YOUR GOAL:
Beginning with the line that contains "Kartridż na układach" and ending with the line that contains "粉色款搭配青色尼龙抽绳,颇有一种「南海岸」的味道。", reproduce the lines of the entries below exactly, omitting pictures.

Saved data entries
BEGIN

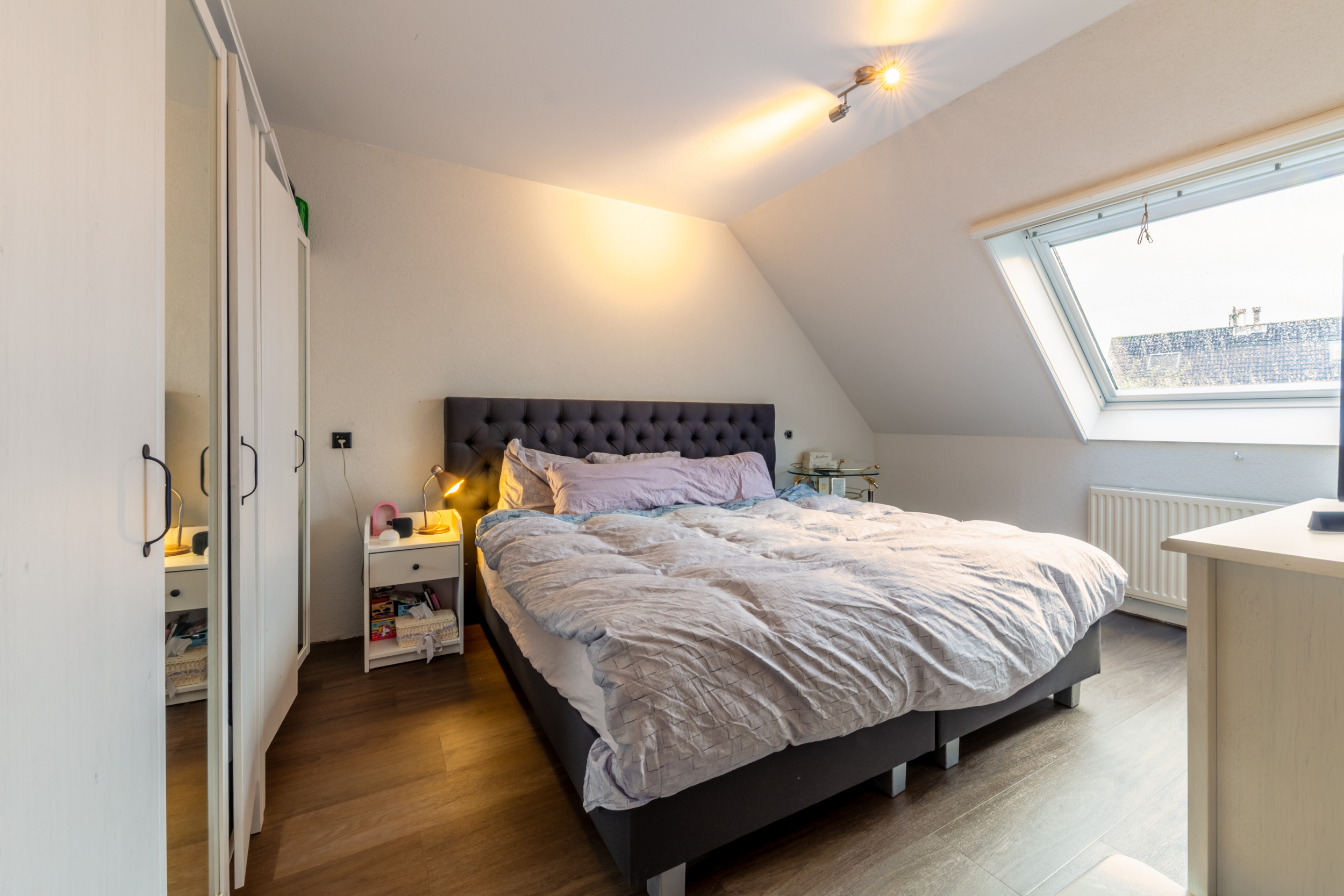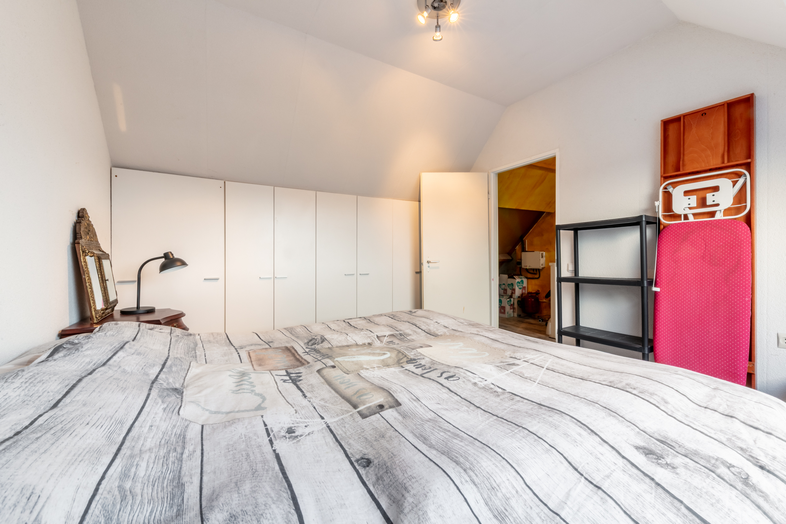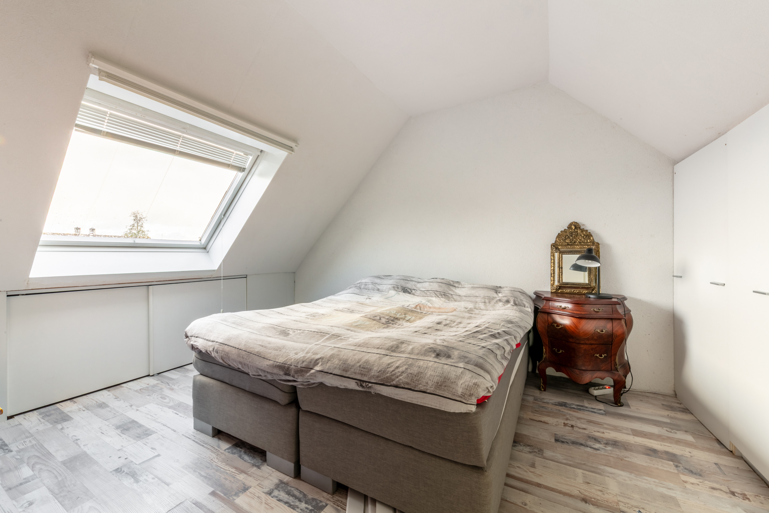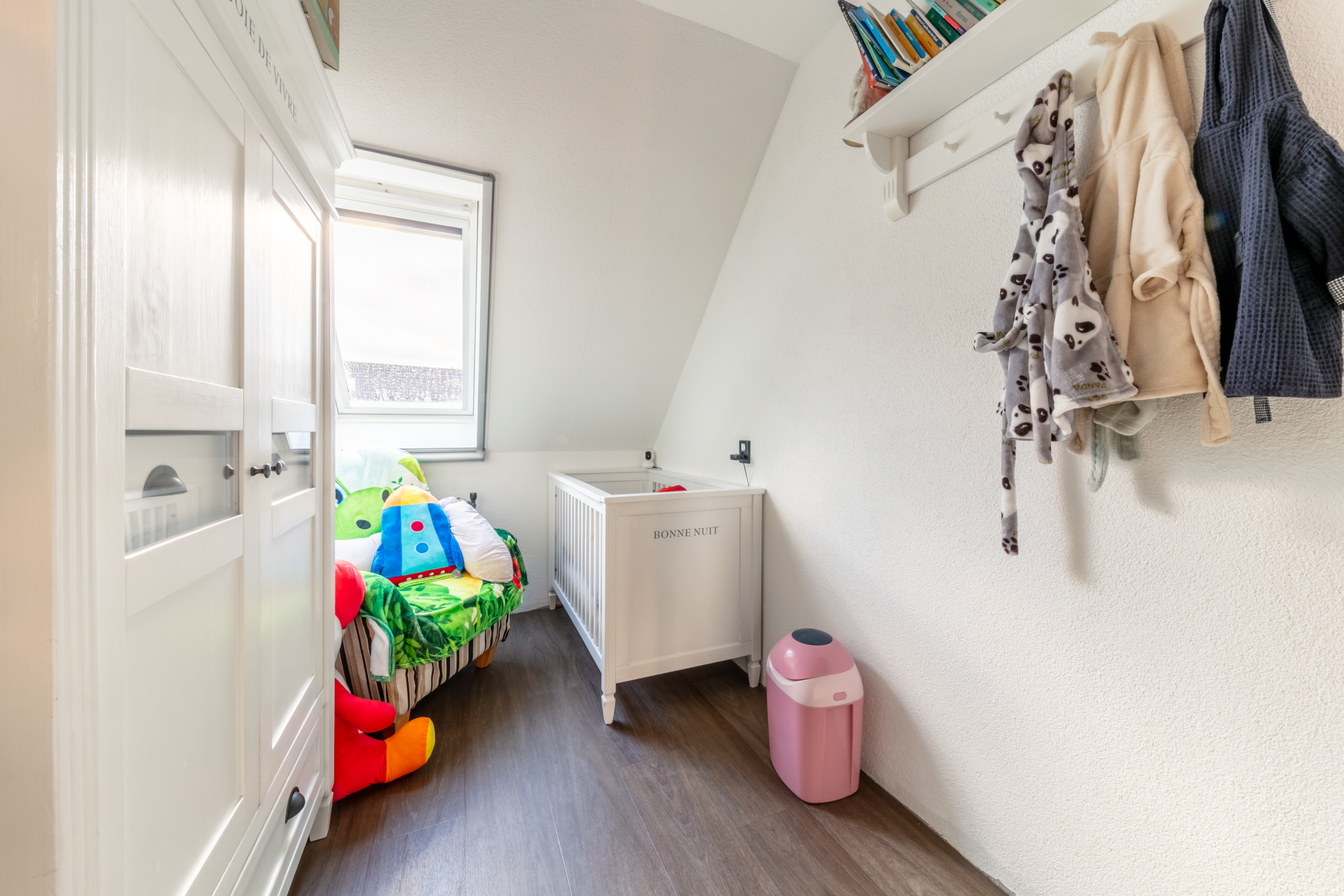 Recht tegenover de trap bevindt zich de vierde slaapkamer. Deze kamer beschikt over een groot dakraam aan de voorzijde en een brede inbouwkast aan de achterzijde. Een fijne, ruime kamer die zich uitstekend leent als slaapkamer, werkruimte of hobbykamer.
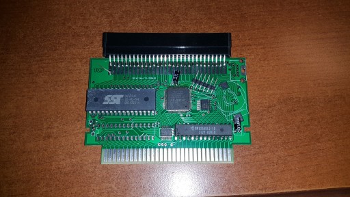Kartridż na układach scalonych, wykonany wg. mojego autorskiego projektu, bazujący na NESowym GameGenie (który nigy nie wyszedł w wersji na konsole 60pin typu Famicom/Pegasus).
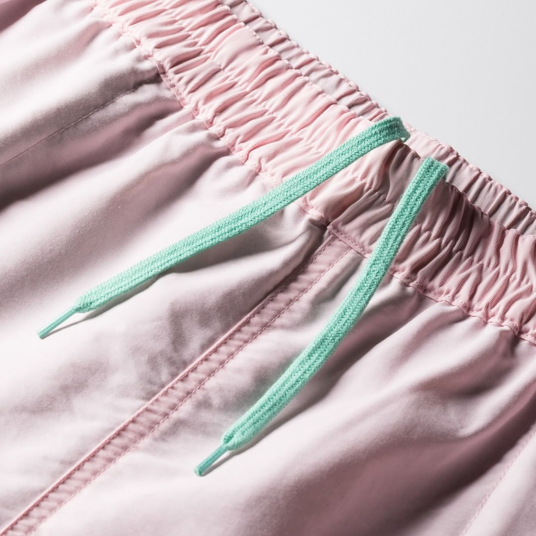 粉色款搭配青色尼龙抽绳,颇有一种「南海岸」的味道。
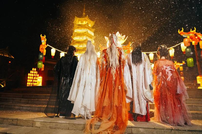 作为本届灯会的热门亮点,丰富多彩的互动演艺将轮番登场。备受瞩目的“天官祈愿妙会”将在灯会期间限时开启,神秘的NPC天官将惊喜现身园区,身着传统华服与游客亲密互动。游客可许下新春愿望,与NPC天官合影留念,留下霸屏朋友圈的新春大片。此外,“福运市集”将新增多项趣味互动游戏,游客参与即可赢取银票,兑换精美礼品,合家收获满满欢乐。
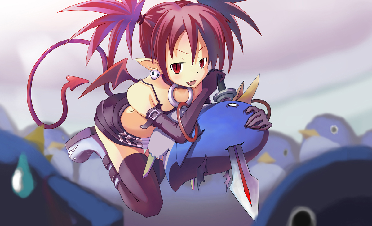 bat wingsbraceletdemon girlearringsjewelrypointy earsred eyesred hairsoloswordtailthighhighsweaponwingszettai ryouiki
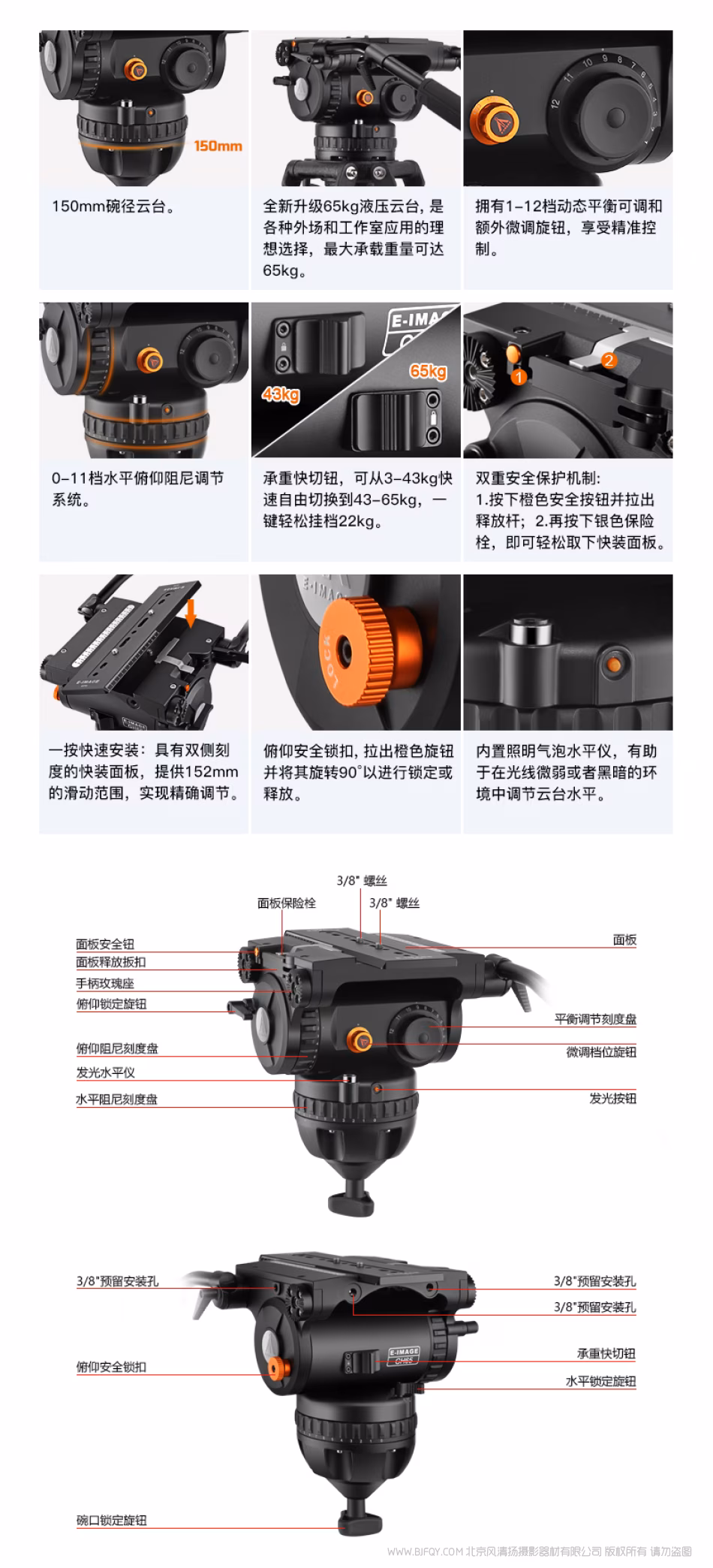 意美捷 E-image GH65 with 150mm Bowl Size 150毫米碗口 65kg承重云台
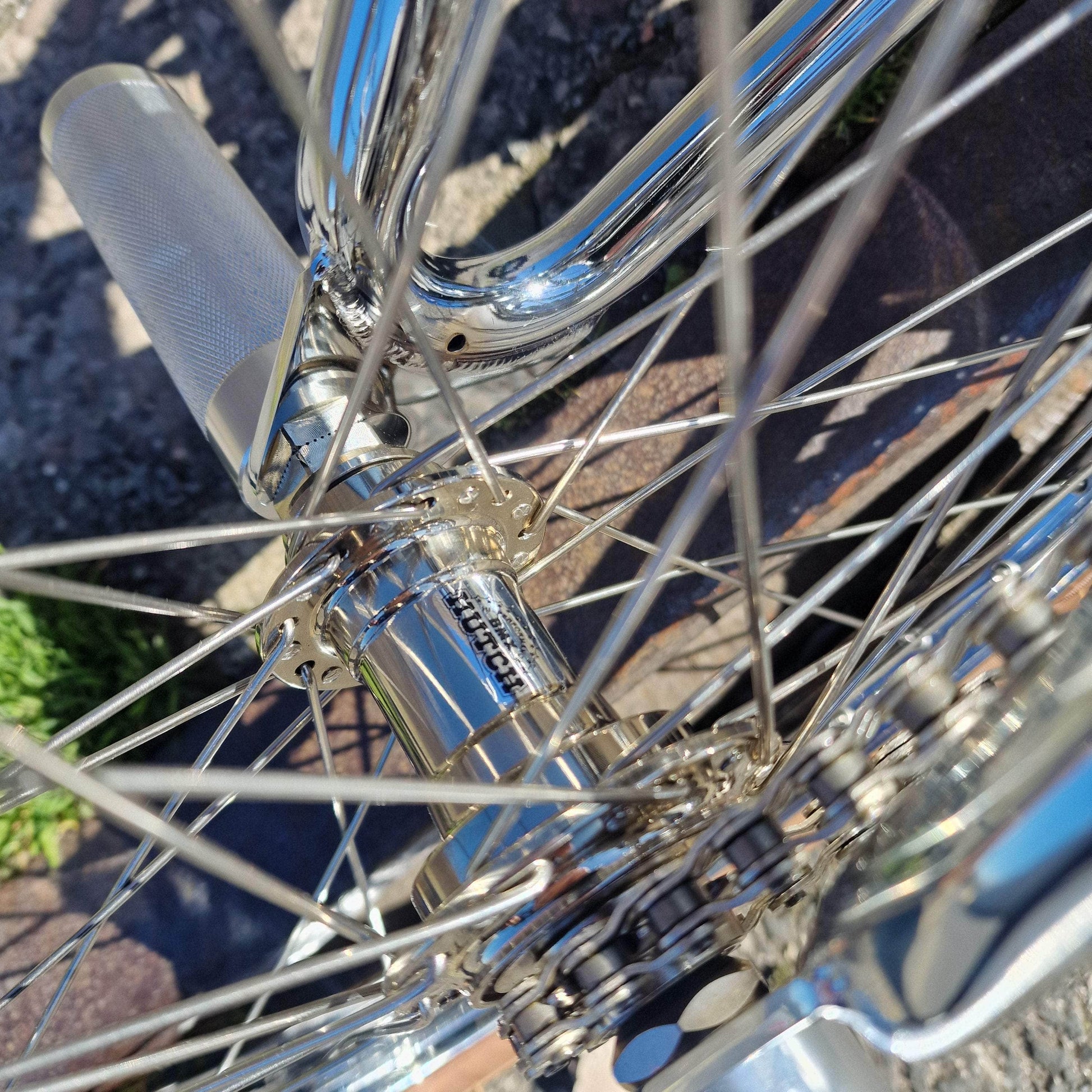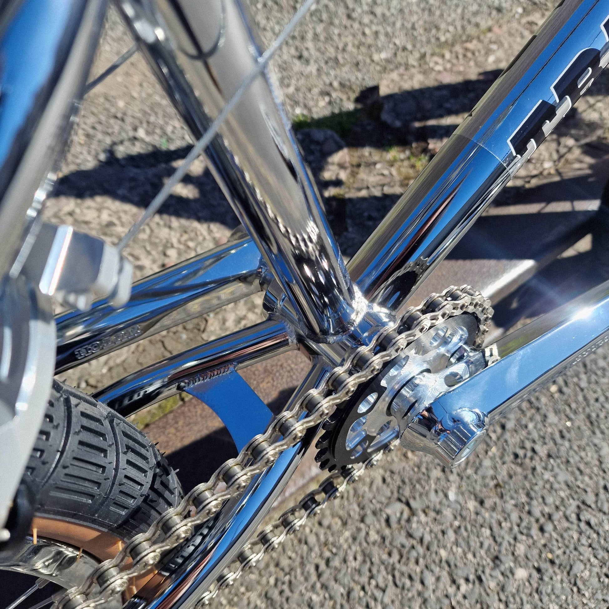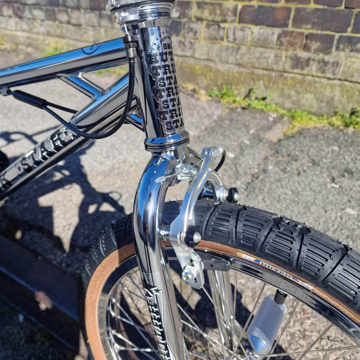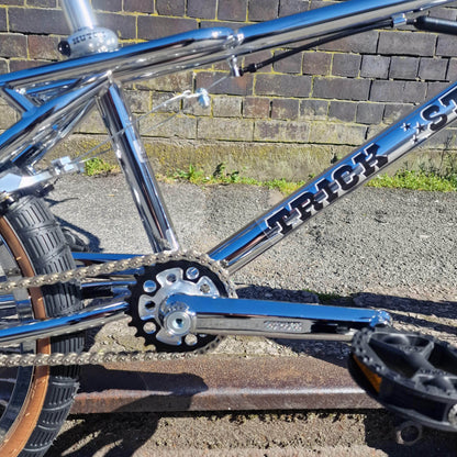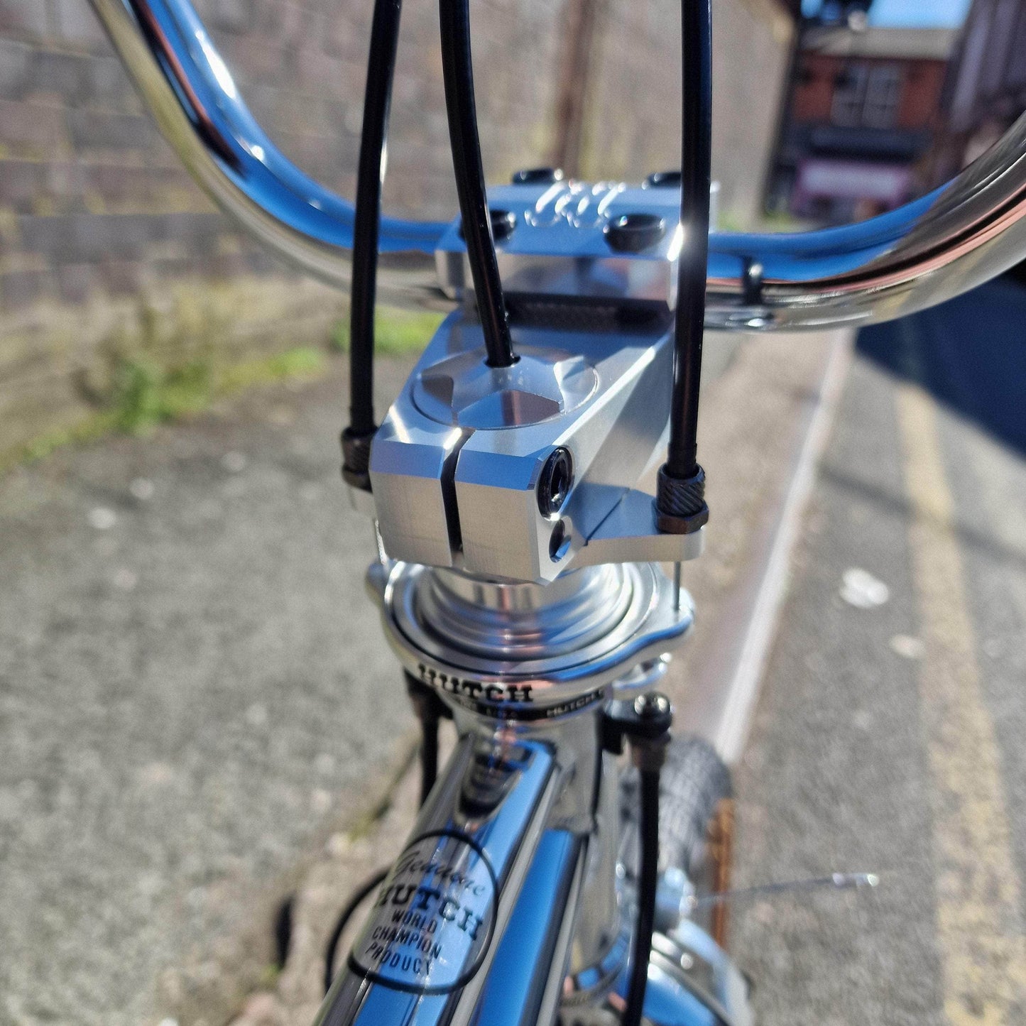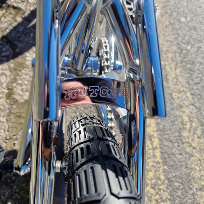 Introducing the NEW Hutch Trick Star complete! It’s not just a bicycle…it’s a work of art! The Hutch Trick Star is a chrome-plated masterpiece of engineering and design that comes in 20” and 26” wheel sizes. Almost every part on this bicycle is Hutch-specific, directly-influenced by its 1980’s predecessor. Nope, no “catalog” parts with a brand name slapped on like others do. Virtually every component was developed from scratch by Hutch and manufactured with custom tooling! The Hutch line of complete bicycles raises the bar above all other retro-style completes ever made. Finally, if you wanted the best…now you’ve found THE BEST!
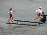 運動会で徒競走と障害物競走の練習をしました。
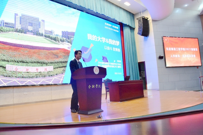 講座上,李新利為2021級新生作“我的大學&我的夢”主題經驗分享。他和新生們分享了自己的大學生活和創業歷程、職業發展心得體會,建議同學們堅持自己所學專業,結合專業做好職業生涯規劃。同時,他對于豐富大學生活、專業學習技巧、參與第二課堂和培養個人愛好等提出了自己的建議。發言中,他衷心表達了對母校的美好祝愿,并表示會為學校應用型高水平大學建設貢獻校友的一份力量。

END

ANSWER BOX:
Kartridż na układach scalonych, wykonany wg. mojego autorskiego projektu, bazujący na NESowym GameGenie (który nigy nie wyszedł w wersji na konsole 60pin typu Famicom/Pegasus).
 粉色款搭配青色尼龙抽绳,颇有一种「南海岸」的味道。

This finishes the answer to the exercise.